# Food



## Bigandy1987 (Apr 21, 2019)

So what's everyone feeding their peacocks and haps then I live in the UK I feed 
Northfin
Nt labs pro-f cichild green 
Nt labs pro-f tropical

But I'm looking for a flake food or something good to bring the reds out what do you feed


----------



## DJRansome (Oct 29, 2005)

Northfin is good, no need for the others. I don't like flake and find clean water does more for the colors than food. But the northfin already has krill and Astaxanthin, a type of carotenoid responsible for the red-orange colours in some ornamental fish.
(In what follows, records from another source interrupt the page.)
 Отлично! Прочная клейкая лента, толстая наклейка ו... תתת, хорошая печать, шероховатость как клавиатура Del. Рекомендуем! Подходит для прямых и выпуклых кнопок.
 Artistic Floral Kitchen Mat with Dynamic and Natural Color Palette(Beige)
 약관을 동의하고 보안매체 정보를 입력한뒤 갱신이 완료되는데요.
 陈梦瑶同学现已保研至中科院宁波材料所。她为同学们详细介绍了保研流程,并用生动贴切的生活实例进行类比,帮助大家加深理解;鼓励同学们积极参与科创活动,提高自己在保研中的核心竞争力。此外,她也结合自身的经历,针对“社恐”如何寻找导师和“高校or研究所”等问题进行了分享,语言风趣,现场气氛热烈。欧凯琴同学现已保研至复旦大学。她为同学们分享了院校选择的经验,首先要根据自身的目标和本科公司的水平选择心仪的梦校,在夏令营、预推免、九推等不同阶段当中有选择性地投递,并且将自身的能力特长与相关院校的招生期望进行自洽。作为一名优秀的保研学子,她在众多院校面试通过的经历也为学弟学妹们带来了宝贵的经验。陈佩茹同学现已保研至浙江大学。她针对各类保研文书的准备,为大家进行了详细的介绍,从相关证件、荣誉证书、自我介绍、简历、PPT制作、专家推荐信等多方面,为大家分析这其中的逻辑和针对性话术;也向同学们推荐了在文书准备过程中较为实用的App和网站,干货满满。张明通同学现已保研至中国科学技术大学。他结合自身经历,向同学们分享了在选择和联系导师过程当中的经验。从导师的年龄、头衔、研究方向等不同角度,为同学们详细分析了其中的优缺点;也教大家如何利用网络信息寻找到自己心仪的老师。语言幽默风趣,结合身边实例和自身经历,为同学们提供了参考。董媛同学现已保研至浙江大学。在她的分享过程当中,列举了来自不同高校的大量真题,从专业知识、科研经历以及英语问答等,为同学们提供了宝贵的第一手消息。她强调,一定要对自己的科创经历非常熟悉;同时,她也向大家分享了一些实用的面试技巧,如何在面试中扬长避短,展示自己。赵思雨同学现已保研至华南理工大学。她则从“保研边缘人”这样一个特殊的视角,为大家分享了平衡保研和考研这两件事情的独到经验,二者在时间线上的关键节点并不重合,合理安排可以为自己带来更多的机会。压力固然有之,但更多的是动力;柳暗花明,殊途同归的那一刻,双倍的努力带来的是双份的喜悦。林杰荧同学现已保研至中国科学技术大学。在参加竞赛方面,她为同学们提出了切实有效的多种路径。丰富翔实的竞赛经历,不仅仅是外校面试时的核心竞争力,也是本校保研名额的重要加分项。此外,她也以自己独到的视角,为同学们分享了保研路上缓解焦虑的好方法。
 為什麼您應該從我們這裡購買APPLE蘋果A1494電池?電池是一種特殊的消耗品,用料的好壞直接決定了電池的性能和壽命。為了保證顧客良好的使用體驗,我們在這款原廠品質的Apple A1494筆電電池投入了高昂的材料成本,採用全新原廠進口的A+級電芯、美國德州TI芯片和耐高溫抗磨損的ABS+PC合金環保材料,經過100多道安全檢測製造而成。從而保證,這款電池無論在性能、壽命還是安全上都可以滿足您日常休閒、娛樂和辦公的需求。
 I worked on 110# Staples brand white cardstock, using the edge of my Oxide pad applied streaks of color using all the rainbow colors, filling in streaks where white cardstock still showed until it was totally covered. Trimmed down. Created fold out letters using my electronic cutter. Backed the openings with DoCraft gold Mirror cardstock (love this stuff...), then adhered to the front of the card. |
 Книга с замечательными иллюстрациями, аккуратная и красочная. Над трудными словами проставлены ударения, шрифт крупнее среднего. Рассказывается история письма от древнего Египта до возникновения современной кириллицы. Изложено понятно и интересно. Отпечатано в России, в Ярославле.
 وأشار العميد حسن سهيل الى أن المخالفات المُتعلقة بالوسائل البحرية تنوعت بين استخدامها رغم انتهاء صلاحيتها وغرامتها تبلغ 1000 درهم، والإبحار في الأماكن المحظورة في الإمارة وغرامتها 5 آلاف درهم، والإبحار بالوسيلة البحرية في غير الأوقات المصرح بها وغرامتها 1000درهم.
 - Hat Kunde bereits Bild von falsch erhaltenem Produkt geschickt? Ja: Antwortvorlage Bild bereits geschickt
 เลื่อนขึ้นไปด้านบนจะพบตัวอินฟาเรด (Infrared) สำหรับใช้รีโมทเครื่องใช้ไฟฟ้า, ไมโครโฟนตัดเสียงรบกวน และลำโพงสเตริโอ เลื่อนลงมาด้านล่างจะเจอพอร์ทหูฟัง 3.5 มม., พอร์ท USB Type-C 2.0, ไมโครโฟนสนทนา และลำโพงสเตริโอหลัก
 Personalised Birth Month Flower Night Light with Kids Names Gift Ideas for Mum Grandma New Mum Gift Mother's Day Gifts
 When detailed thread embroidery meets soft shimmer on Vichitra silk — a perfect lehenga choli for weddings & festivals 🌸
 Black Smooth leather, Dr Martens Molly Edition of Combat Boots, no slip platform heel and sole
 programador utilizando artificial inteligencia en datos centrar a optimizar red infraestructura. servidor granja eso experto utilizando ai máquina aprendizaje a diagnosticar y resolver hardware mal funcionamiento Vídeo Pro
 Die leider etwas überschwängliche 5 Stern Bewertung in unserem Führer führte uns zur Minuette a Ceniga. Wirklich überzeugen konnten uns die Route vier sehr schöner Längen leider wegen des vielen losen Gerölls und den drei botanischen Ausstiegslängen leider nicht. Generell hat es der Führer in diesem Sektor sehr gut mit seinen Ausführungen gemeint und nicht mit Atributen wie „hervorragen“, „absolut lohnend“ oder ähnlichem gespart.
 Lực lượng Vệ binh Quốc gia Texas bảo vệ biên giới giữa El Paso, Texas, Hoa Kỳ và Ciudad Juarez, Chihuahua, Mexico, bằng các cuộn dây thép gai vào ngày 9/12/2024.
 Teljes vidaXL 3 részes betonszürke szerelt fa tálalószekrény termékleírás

Animals pigmented with Astaxanthin take on a more natural even colouration.


----------



## Bigandy1987 (Apr 21, 2019)

Ok thanks I only feed the other food as what's what the lfs feeds them on it and it is a good food and I was after the flake more of fry do you feed northfin krill gold I was looking at getting some


----------



## DJRansome (Oct 29, 2005)

Northfin has a fry formula.

I feed Cichlid formula, but I have omnivores in my mix, they are not all carnivores.


----------



## Bigandy1987 (Apr 21, 2019)

I have peacocks and hap most are carnivores but my red empress are herbivores so the pro f green I feed is veggie iv only been keeping them 6 months as I did keep normal tropical fish and American cichilds


----------